Transcript evidence preparation involved two approaches for NGS transcriptome data: 1) Trinity v2.0.6⁴² was employed to perform de novo assembly, and 2) hisat2 v2.1.0⁴³ was utilized to map reads to the genome, followed by assembly using StringTie v2.1.5⁴⁴. For iso-seq data, Minimap2 v2.24⁴⁵ (with the parameters -a -x splice–end-seed-pen = 60–G 200k) was used to map reads to the genome, which were subsequently assembled using StringTie v2.1.5 (with the parameters -L -t -f 0.05) (Supplementary Table S10). Gene structure annotation was performed, by employing the PASA (Program to Assemble Spliced Alignments) pipeline v2.4.1⁴⁶ based on the transcript evidence obtained, and full-length genes were identified through comparison with reference proteins. To optimize gene prediction, AUGUSTUS v3.4.0⁴⁷ was trained using the full-length gene set, undergoing five rounds of optimization. Additionally, SNAP⁴⁸ was also trained to further enhance gene prediction accuracy.

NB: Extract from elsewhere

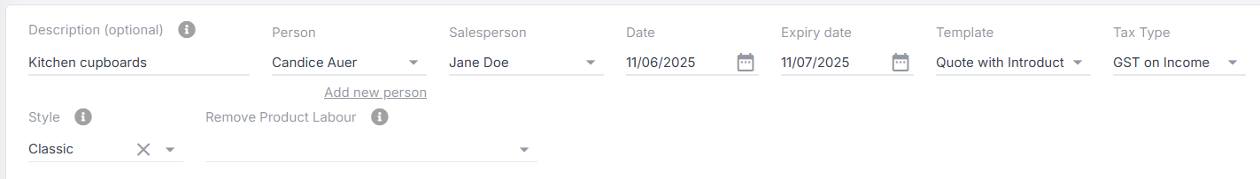 In the top section of your quote, you can use the drop-down menus to edit the quote description, contact person, salesperson, issue date, expiry date, quote template, tax type, style, and product labour:

The MAKER2 v2.31.9⁴⁹ annotation workflow was employed to annotate genes based on ab initio prediction, transcript evidence, and homologous protein evidence. In this step, repetitive regions were first masked using RepeatMasker v4.0.7. AUGUSTUS v3.4.0 and SNAP were used for ab initio gene prediction. Then, the assembled transcript sequences were aligned with the genome using BLASTN, while protein sequences were aligned using BLASTX, and the alignments were optimized using Exonerate v2.2.0⁵⁰. Hints files were generated based on the evidence obtained, which were then integrated with AUGUSTUS and SNAP to predict gene models.

Further integration of MAKER and PASA annotations was performed using EVidenceModeler (EVM) v1.1.1⁵¹ to generate consistent gene annotations. TEsorter v1.4.1⁵² was utilized to identify TE protein domains in the genome, which were subsequently masked by EVM v1.1.1, to avoid introducing transposable element (TE) coding regions. Finally, PASA v2.4.1 was used to upgrade and optimize the results obtained by EVM, add UTRs, and add alternative splicing. Gene annotations with abnormal coding frames and those that were too short (<50 aa) were removed. Barrnap v0.9 (https://github.com/tseemann/barrnap) and tRNAScan-SE v1.3.1⁵³ were used to annotate rRNA and tRNAs respectively. Various non-coding ncRNAs were annotated using RfamScan v14.2⁵⁴.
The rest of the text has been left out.